Reputation: 445
I have a text file containing these characters, where my delimiter/separator is ##@##
:
Steve##@##Jobs##@##Apple Inc.##@##32421213
Bill##@##Gates##@##Microsoft Corp.##@##234213
Steve##@##Wozniak##@##Apple Inc.##@##12343
Tim##@##Cook##@##Apple Inc.##@##323345223
Now I want them to be sorted numerically & ascending by the third field. I read that it would be possible to use the bash command sort
, which unfortunately only supports a single character as delimiter.
Eventually the sorted file should exactly look like this one:
Steve##@##Wozniak##@##Apple Inc.##@##12343
Bill##@##Gates##@##Microsoft Corp.##@##234213
Steve##@##Jobs##@##Apple Inc.##@##32421213
Tim##@##Cook##@##Apple Inc.##@##323345223
Is there a fix for sort or can I do this using awk?
Upvotes: 0
Views: 400
Reputation: 7837
Because sort(1) accepts only a single-character delimiter, you want to convert your separator string into something sort recognizes, but is not a value that appears in your data. Your best choice is something that can't appear in the data: a non-printable character. A reasonable candidate is the ASCII field separator, octal 034. Then of course you have to restore your separator after sorting.
If you use bash, you have straightforward access to characters by octal value, else your shell may vary.
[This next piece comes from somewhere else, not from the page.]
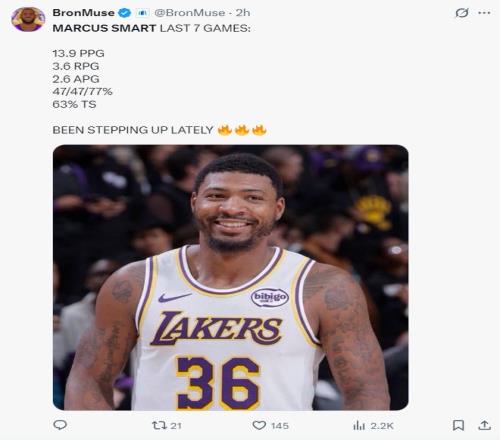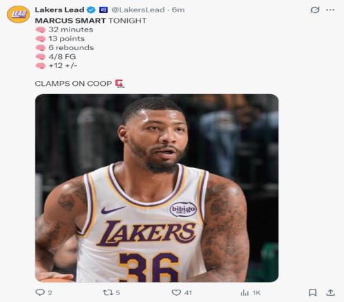 随后在詹姆斯上篮偏出时斯玛特从天而降完成补篮,这一球后湖人再度领先到3分,末节斯玛特拿到7分4篮板1助攻1盖帽(5中2+罚球5中3)。

Then sed makes it a snap:
$ s=$'\034'
$ sed "s/##@##/$s/g" dat | sort -t $s -k4 -n | sed "s/$s/##@##/g"
Steve##@##Wozniak##@##Apple Inc.##@##12343
Bill##@##Gates##@##Microsoft Corp.##@##234213
Steve##@##Jobs##@##Apple Inc.##@##32421213
Tim##@##Cook##@##Apple Inc.##@##323345223
Upvotes: 0
Reputation: 23667
Solution using perl
, no need of other commands
$ cat ip.txt
Steve##@##Jobs##@##Apple Inc.##@##32421213
Bill##@##Gates##@##Microsoft Corp.##@##234213
abc##@##xyz##@##123 Corp.##@##234213
Steve##@##Wozniak##@##Apple Inc.##@##12343
Tim##@##Cook##@##Apple Inc.##@##323345223
$ perl -ne '($k)=/(\d+)$/; $h{$k} .= $_; END{foreach (sort {$a <=> $b} keys %h){print $h{$_}}}' ip.txt
Steve##@##Wozniak##@##Apple Inc.##@##12343
Bill##@##Gates##@##Microsoft Corp.##@##234213
abc##@##xyz##@##123 Corp.##@##234213
Steve##@##Jobs##@##Apple Inc.##@##32421213
Tim##@##Cook##@##Apple Inc.##@##323345223
Upvotes: 0
Reputation: 23850
Here's a (hackish) idea. Use awk
to add the numeric field to the beginning of each line, so that we can sort it with sort
and then use sed
to get rid of the stuff that we added in the first step. Something like that:
awk -vFS='##@##' '{print $4 "|" $0}' input | sort -n | sed -e 's/^[^|]*|//'
Upvotes: 2